One better reduction is OO as objects / FP as abstract data types per Cook's
well-known paper [1]. This argues that the key difference is when the
transition from abstract to concrete happens. The ADT approach is to do this
in the "observations", e.g pattern matching destructuring. But objects do this
in the "constructors", the class that gets set when the object is created.

In this view objects and ADTs (OO and FP) are competing, not not orthogonal.
Concretely you have to decide whether your C function switches on a tag, or
dispatches through a vtable. Which paradigm to prefer depends on the
properties you want from your model: dynamic extensibility, efficiency,
security, etc. are all considerations.

1:
[http://www.cs.utexas.edu/~wcook/papers/OOPvsADT/CookOOPvsADT...](http://www.cs.utexas.edu/~wcook/papers/OOPvsADT/CookOOPvsADT90.pdf)
(PDF!)

------
smadge
The author provides the example

    
    
      o.f()
      f(o)
    

and states that o.f() implies that f is polymorphic while f(o) implies a
source code dependency on a particular function f. They conclude objected
oriented is polymorphic, while functional is referentially transparent.

This is not true. In the functional case of f(o), o could be a value with a
type which is an instance of a type class which must define a function f. In
which case f is a polymorphic function. Comparably to how o.f() implies o is a
type (ie a class) which implements an interface that requires the class
implement a method f. However in the function case we get polymorphism AND
referential transparency. Whereas in the object oriented case we have no
garauntees about referential transparency.

------
mannykannot
I do not dispute the author's thesis that OO and FP can be combined
synergistically, but I don't find the specific arguments convincing.

In the author's characterization of OO, it seems strange that a bit of
syntactic sugar would make a profound difference to the semantics of programs,
and on closer inspection, it doesn't.

The author claims that with f(o), the caller has a dependency on the callee
that does not exist in the OO version o.f(), but of course, in either case,
the caller has a dependency on the callee doing the same right thing. There
are multiple approaches to assigning some sort of confidence to the
proposition that the program design satisfies this dependency, and an unending
debate over which is best, but none of them depend on the syntax of the call.
It doesn't even imply a specific implementation style, as there are several
languages, some OO and some not, in which f(o) might be implemented as
different functions for different types.

Pattern matching in fp is widely regarded as a feature.

------
OtterCoder
I may be confused about the thrust of this article, but I don't like
polymorphism. Independent of my appreciation for FP, I hate when I have to do
a bit of code in Java or similar languages, because instead of manipulating
dumb data, I have to learn 10,000 micro-APIs.

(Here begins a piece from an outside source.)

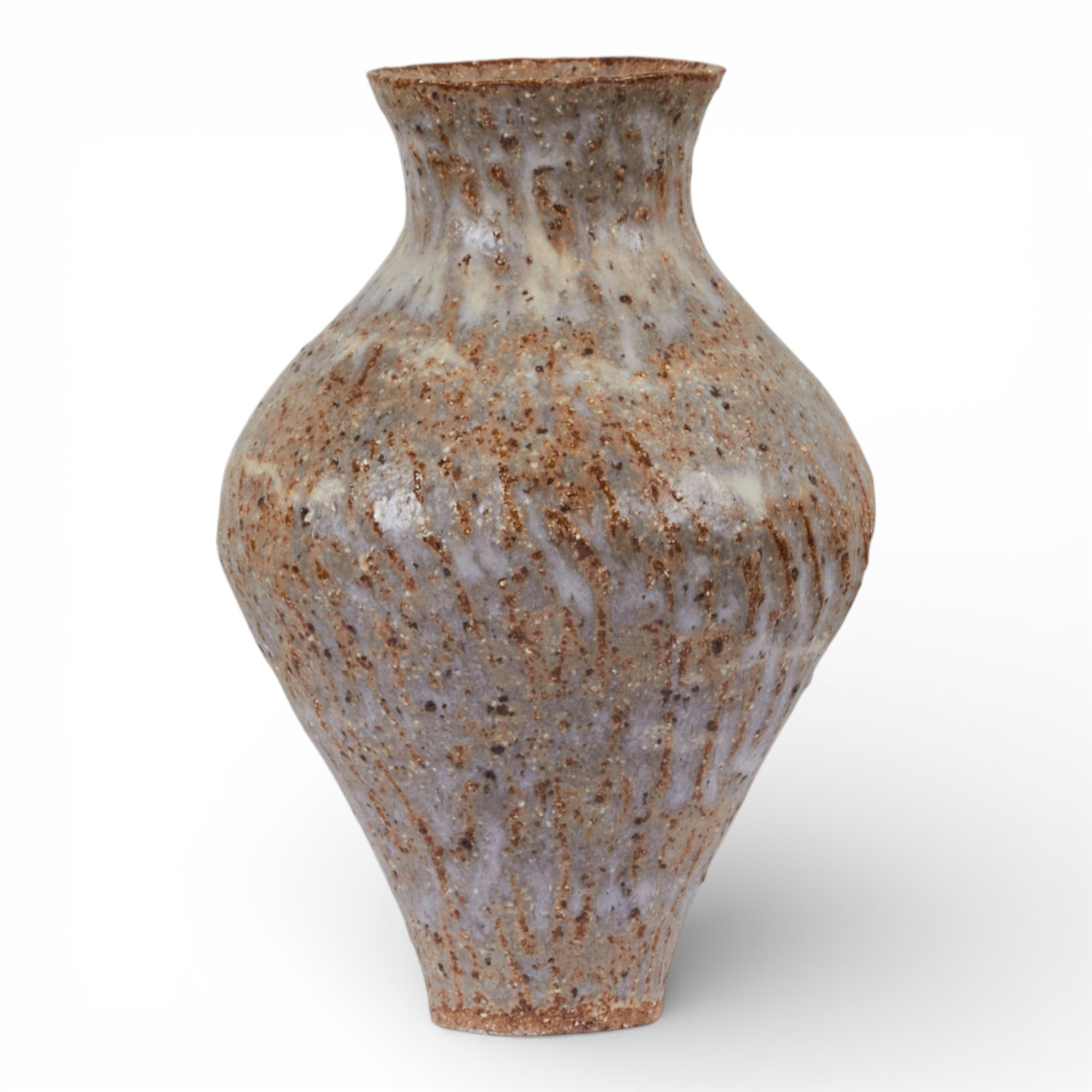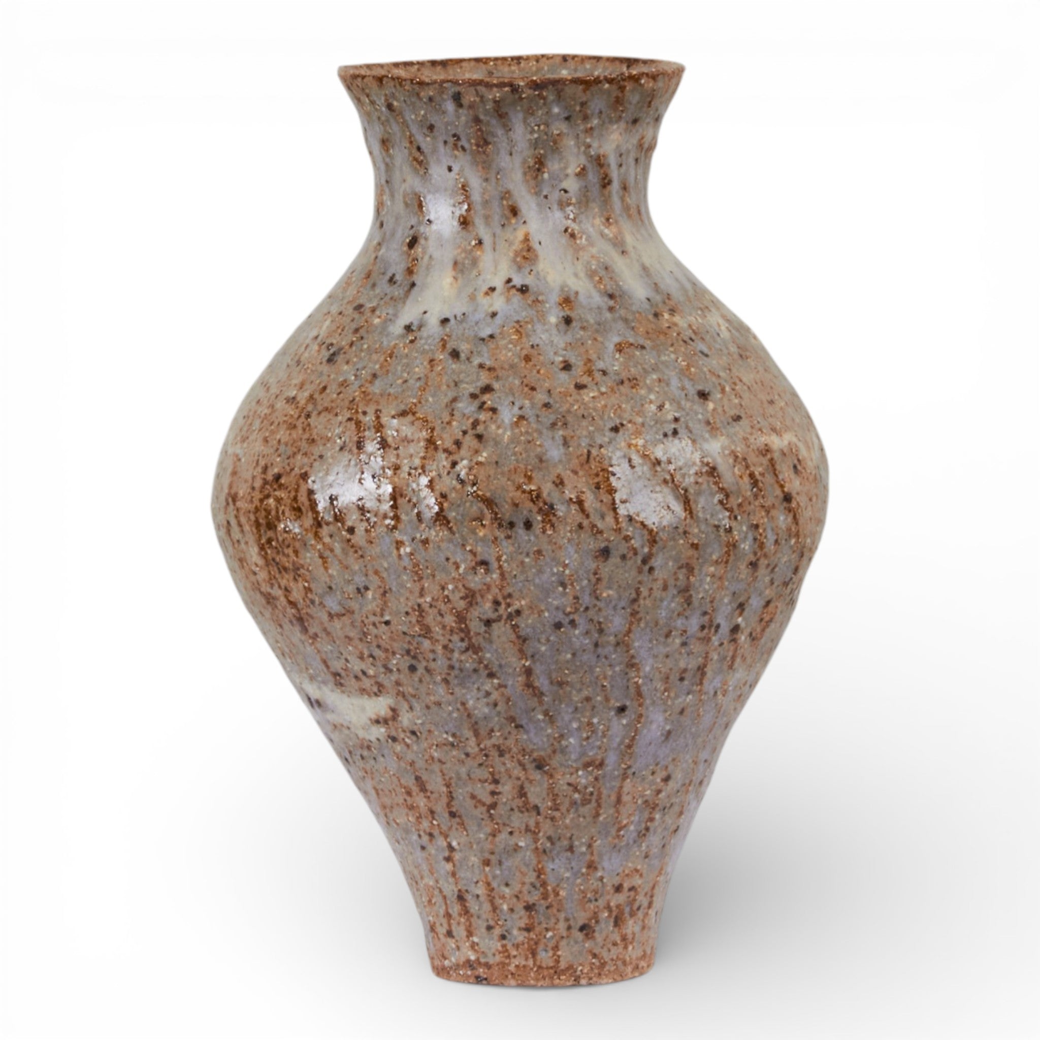 This sculptural stoneware vase by Australian ceramicist Emily Belle Ellis features a softly rounded amphora form with a gently flared neck and subtle carved texture through the body. Finished in a warm glaze layered with earthy speckling and natural variation, the surface has a beautifully weathered, tactile quality.

I would much rather have a short list of simple, powerful functions, that
operate over sequences. Array Oriented, if you will, or perhaps even Map
Oriented. If you need to construct a full name from an object, whether it's a
user or a client, or a character, or a cat or whatever, that can be passed
quickly over my lists to return the relevant strings.

This function-and-array style of programming forces you to standardize your
data formats and types across your program, and is easily tested. While the OO
approach allows you to indulge a thousand different quirks of naming and style
and logic, that will take far longer to test, and will likely still have
quirks and inconsistencies.

------
enz
I don't know if it's very accurate to say "f(o) is like o.f()". I think this
depends on the language and the way it deals with methods.

For example, Python makes this explicit: the first argument of a Python method
is `self`, which is nothing more than an object. The first argument has
nothing special, and its name is `self` only by convention. So, in Python,
yes, maybe we can say "f(o) another syntax for o.f()" and the signature of f
is `f(my_obj : MyObject)`, not f().

So, in some way, a Python method has the potential to have "pure" scope just
like a regular FP function: You have no special global reference like `this`,
you only have what you have passed to the function.

But what about other OOP languages ? Do they have the same semantic?

------
tincholio
I really don't know why people keep paying attention to this guy. He's clearly
very good at selling himself but not much more. The silly explanation of
polymorphism based on syntax, makes it seem like he's never heard of multiple
dispatch, or typeclasses.